Now, I’ve — I don’t know, not having been there and not seeing all the facts, what role race played in that. But I think it’s fair to say, number one, any of us would be pretty angry; number two, that the Cambridge police acted stupidly in arresting somebody when there was already proof that they were in their own home.

And number three, what I think we know separate and apart from this incident is that there is a long history in this country of African-Americans and Latinos being stopped by law enforcing disproportion ately. That’s just a fact.

As you know, Lynn, when I was in the state legislature in Illinois, we worked on a racial profiling bill because there was indisputable evidence that blacks and Hispanics were being stopped disproportionately. And that is a sign, an example of how, you know, race remains a factor in the society.

That doesn’t lessen the incredible progress that has been made. I am standing here as testimony to the progress that’s been made. And yet the fact of the matter is, is that, you know, this still haunts us.

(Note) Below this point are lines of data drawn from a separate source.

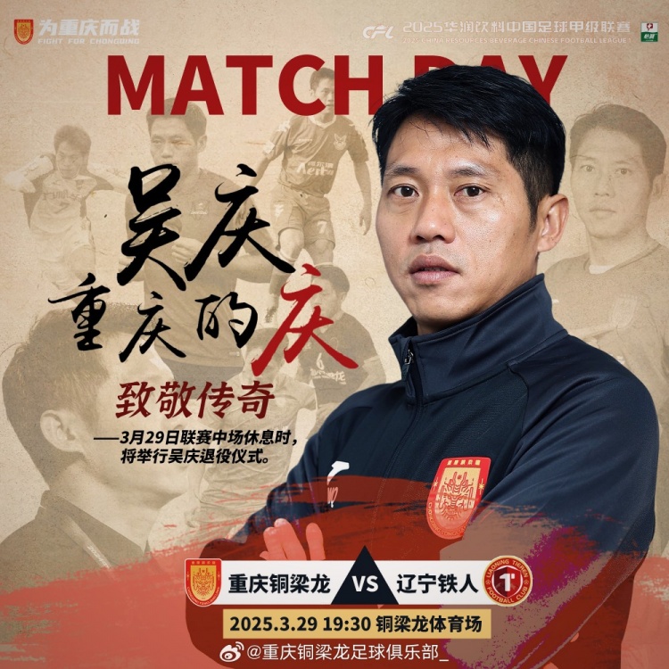 3月26日訊 3月29日晚,中甲聯(lián)賽第2輪重慶銅梁龍將在主場(chǎng)對(duì)陣遼寧鐵人。重慶銅梁龍俱樂(lè)部官方宣布,將在本場(chǎng)比賽中場(chǎng)休息時(shí)舉行吳慶退役儀式,向傳奇致敬。
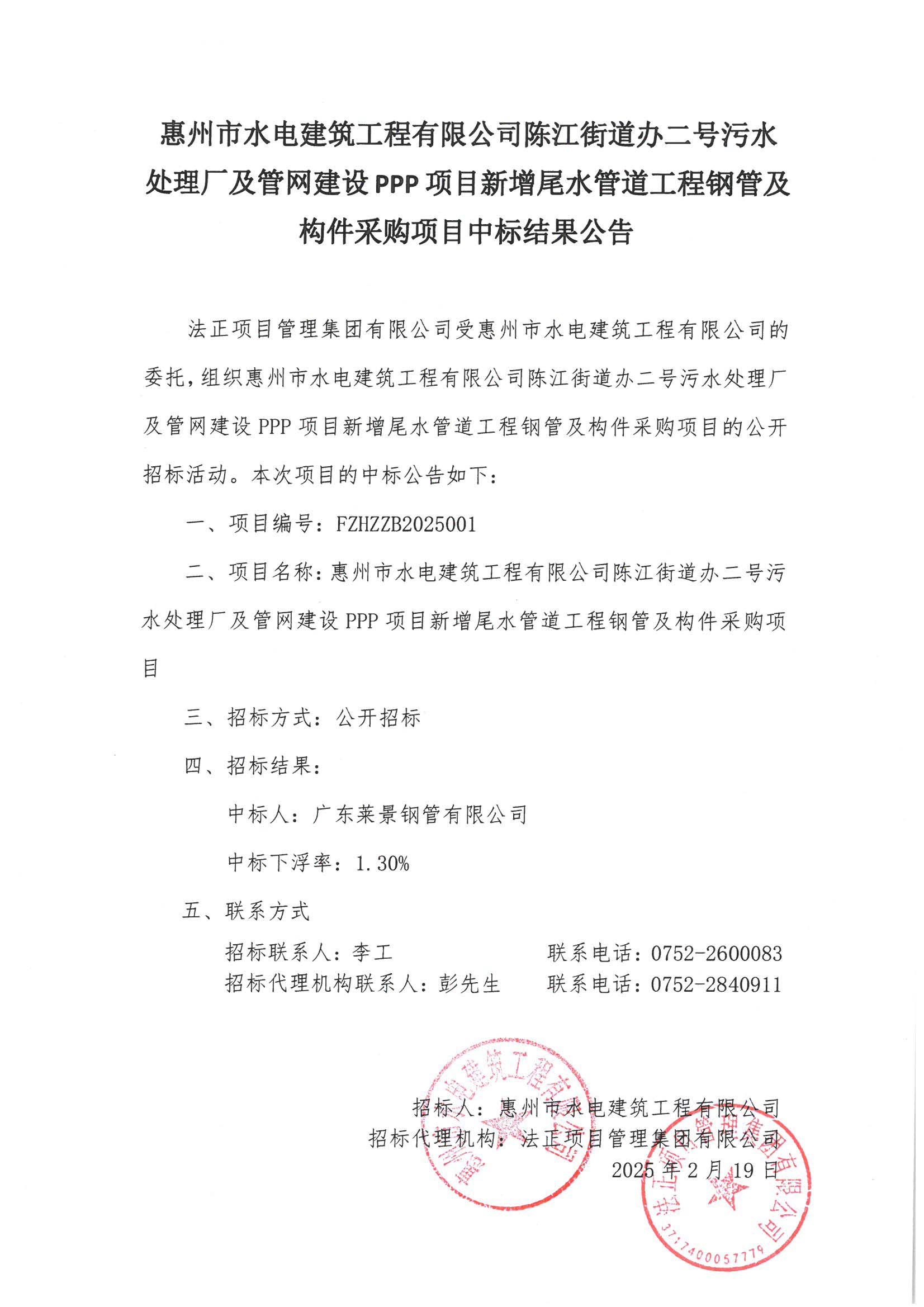 陳江街道辦二號污水處理廠及管網(wǎng)建設(shè)PPP項(xiàng)目新增尾水管道工程鋼管及構(gòu)件采購項(xiàng)目中標(biāo)結(jié)果公告
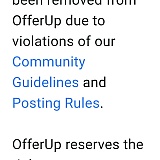 So use OfferUp at your own risk, and don't be surprised when you get a notice of being banned with no detail and without validation.
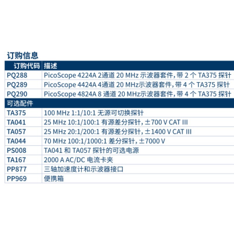 PICOSCOPE 4424A 4通道 20MHZ 示波器套件帶4個TA375探針
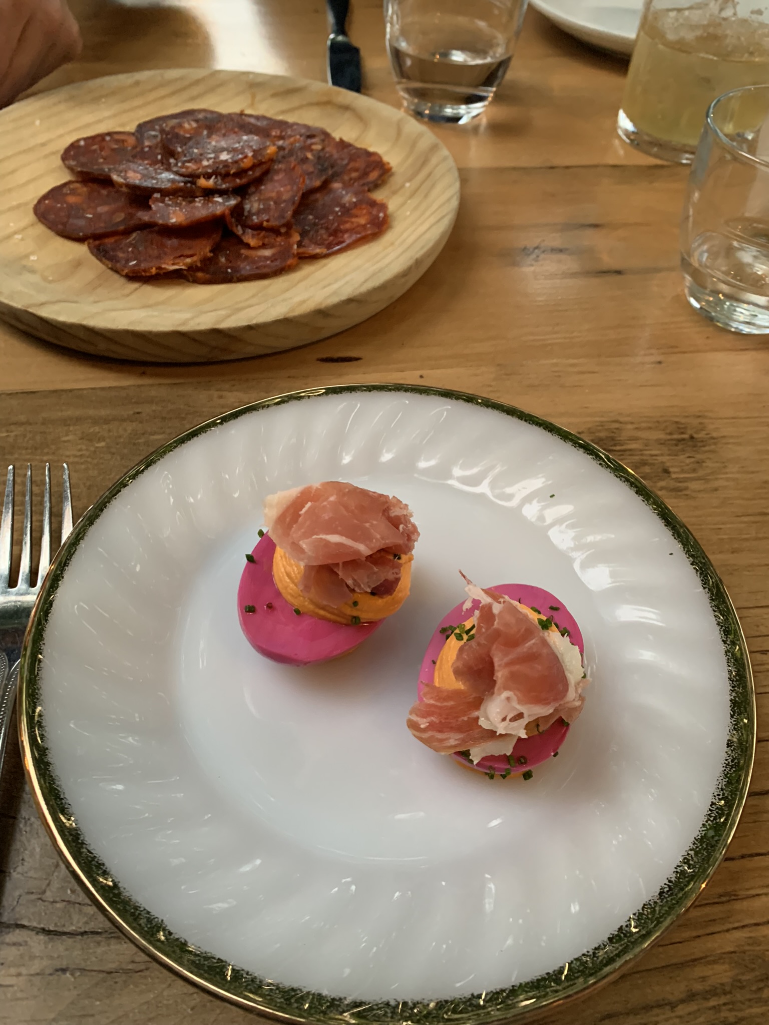 We still ate our way across Portland. We had a long, leisurely, and very fun dinner at Chaval, where the staff was warm, hospitable, and indulgent. Our server didn’t even blink when my husband ordered a hamburger for dessert. (Probably because I ate more than half of his “dinner” burger.) The burgers are very good, so if you read this and decide that you, too, want to have a burger for dessert, know that none of us will judge you for this choice. Chaval’s tapas-style small plates showcase local ingredients. A surprise hit: the beet-pickled deviled eggs, which came topped with a slice of jamon.
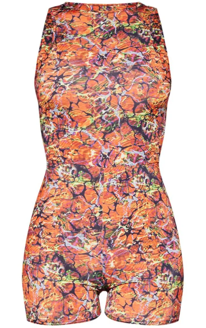 Add a pop of orange into your new season wardrobe with this orange abstract print racer neck romper. This romper is brought to you in an orange abstract print material with a racer neck and a figure-flattering fit, what’s not to love? With it’s statement hue you’re sure to have all eyes on you. Style this romper with chunky knee-high boots and accessories and a green mini bag for a look that we can’t get enough of.
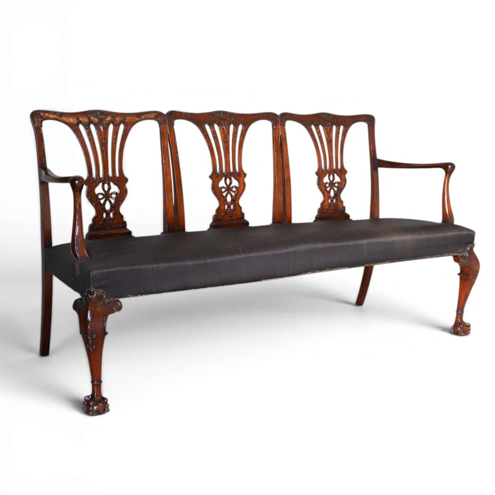 This settee dates to the Edwardian era, a period that revived and celebrated earlier English design traditions. The Chippendale‑style back - with its pierced, interlaced splats and flowing curves - is a hallmark of this revival, executed here with exceptional crispness and clarity.
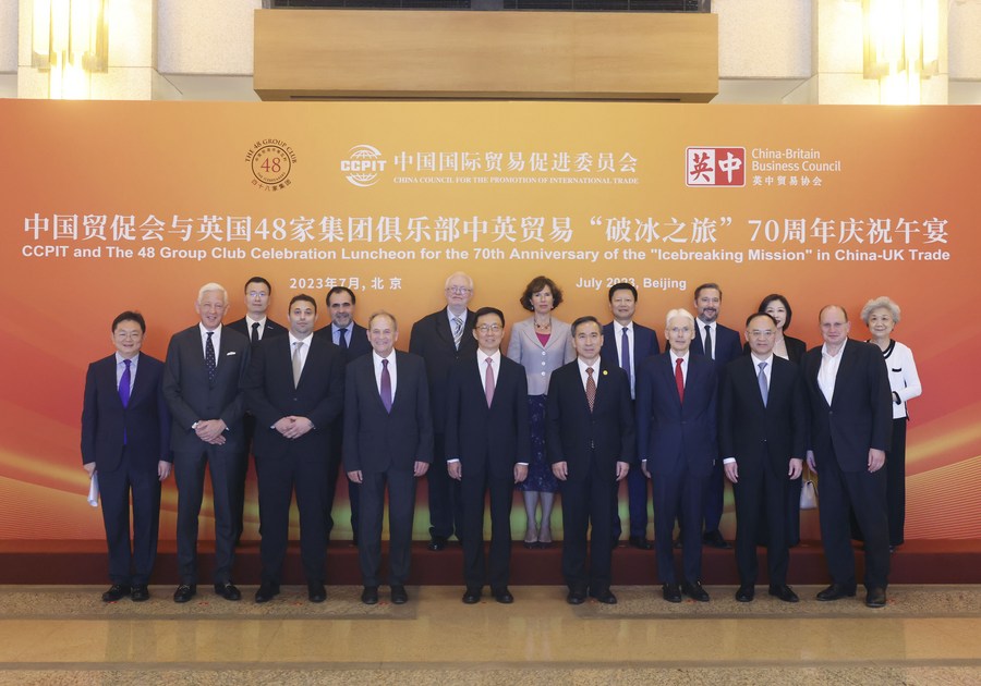 Chinese Vice President Han Zheng poses for a group photo with some guests while attending an event commemorating the 70th anniversary of the "Icebreaking Mission" in China-UK trade in Beijing, capital of China, July 6, 2023. (Xinhua/Liu Weibing)

And even when there are honest misunderstandings, the fact that blacks and Hispanics are picked up more frequently, and oftentime for no cause, casts suspicion even when there is good cause. And that’s why I think the more that we’re working with local law enforcement to improve policing techniques so that we’re eliminating potential bias, the safer everybody’s going to be.

We find out in addition that the police officer, Sgt. James Crowley, actually teaches courses on racial profiling at Lowell Police Acadamy, and has been teaching the course there for five years.  We find out that Sgt. Crowley receives no pay for teaching the class, and that he drives from Cambridge to Middlesex Community College in Lowell.  And we find out that he is an incredibly well-respected police officer.

Okay.  So here’s your test: WHO was “acting stupidly”?

For the record, it is black men like Henry Louis Gates who make the charge “racist” utterly meaningless to me.  Because the only way I could be any more racist than Gates is if I went to weekly meetings wearing a white robe and a pointy hat.

Personally, I have to give a tie to Professor Henry Louis Gates and President Barack Obama.  Gates is clearly an arrogant hard-core racist jerk who deserved to be seriously beaten with a baton, let alone arrested.  And Barack Obama is clearly an arrogant, hard-core fool who should have kept his stupid mouth shut rather than join Gates in throwing around charges of racism.

Mouthing off to police officers is a bad idea, and Henry Louis Gates officially disqualified himself from the roles of reasonable and intelligent people for having so remarkably mouthed off with so little provocation.  And Harvard University is clearly an inferior academic institution for having such pathetic, angry, bitter, nasty, racist psychos on its payroll as “faculty.”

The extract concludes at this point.